In the Dockerfile, we set environment variables that point to these directories. For the scripts in the configuration uses these environment variables, you can edit them if you like. Just make sure that the path in the variable matches the actual path.

ENV MAIN_PATH=/usr/local/bin/{projectname}
ENV LIBS_PATH=${MAIN_PATH}/libs
ENV CONFIG_PATH=${MAIN_PATH}/config
ENV NOTEBOOK_PATH=${MAIN_PATH}/notebooks

In the configuration, we map the current working directory ({path_to_your_project}) to the ${MAIN_PATH}-folder in the container. So, any file you put into this directory is available in your JupyterLab project. Vice versa, any file you add or change within JupyterLab (e.g. Jupyter notebooks) will appear on your host computer.

Further, in the EXPOSE command of the Dockerfile, we specify that the configuration provides the JupyterLab port 8888. This port inside the container is mapped to the port of your host computer.

The following image depicts how the container connects its file system and port to the host computer.

Connect the file system and the port

JupyterLab-specific Configuration

The final command in our Dockerfile is the CMD-command. It tells Docker that this instruction is something you want to execute whenever you start the container. In the configuration, we execute the run_jupyter.sh-script. This script allows us to do some last-minute preparations, like:

  • put the jupyter_notebook_configuration.py file at the location where JupyterLab expects it
  • configure a custom Jupyter-Kernel that automatically loads the nbimport.py Python module

The jupyter_notebook_configuration.py lets you configure the Jupyter notebook server, e.g. setting a password to use for web authentication. A list of available options can be found here.

The custom Python kernel adds the ${LIBS_PATH} to your Python sys.path. This allows you to import any Python module from the ${LIBS_PATH}-folder, e.g. import libs.nbimport. This nbimport.py-module further enables you to import Jupyter-notebooks that are located in the ${NOTEBOOK_PATH}-folder. Whenever you start a Jupyter notebook with a Python kernel, the system does these things automatically for you.

Finally, the run_jupyter.sh-script starts JupyterLab. You can now open localhost:8888 in a browser, where 8888 is the port you specified.

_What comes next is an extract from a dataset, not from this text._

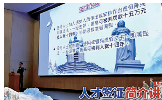
●入境處在「人才簽證簡介講座」現場講解使用或提供虛假文件等違法行為的法律後果。

陳勇最後補充，香港目前已成功吸引超過20萬人才來港，絕大部分個案均順利發展並對香港作出貢獻，小部分中介亂象並不會影響整體計劃的公信力。政府將繼續加強宣傳教育及兩地執法合作，讓更多符合資格的人士安心透過正規渠道申請，實現個人和家庭的長遠發展。

The following image depicts the complete JupyterLab configuration.

The complete JupyterLab configuration

Summary

The JupyterLab-Configurator lets you easily create your custom configuration. This JupyterLab-Configuration runs JupyterLab in a container. It separates the environment JupyterLab runs in from the host environment. Thus, you can change the JupyterLab environment (e.g. un-/installing packages) without affecting your host computer or any other project.

This JupyterLab-Configuration automates the whole setup using scripts. These scripts:

  • Enable you running JupyterLab with a single command (e.g. sh run.sh)
  • Make your project portable: just move or copy the directory to another host computer
  • Reveal what is part of your configuration and allow you to review and edit your configuration
  • Make your configuration part of your sources. You can version-control them like you can version-control your code

The GitHub-repository provides the whole source code.

Using the JupyterLab configuration is very easy:

  1. Execute sh {path_to_your_project}/run.sh
  2. Open localhost:8888 in a browser
Using the JupyterLab configuration

NOTE: The ability to run Docker containers is the only requirement of this JupyterLab-Configuration to the host computer. Docker is available on Windows and recently got the ability to run Linux-based containers. Thus, there is no reason, why Jupyterlab should not run on Windows. If you want to try it, you will need to have Docker running and move the docker build and docker run commands of the run.sh to a .cmd file that you can execute on Windows.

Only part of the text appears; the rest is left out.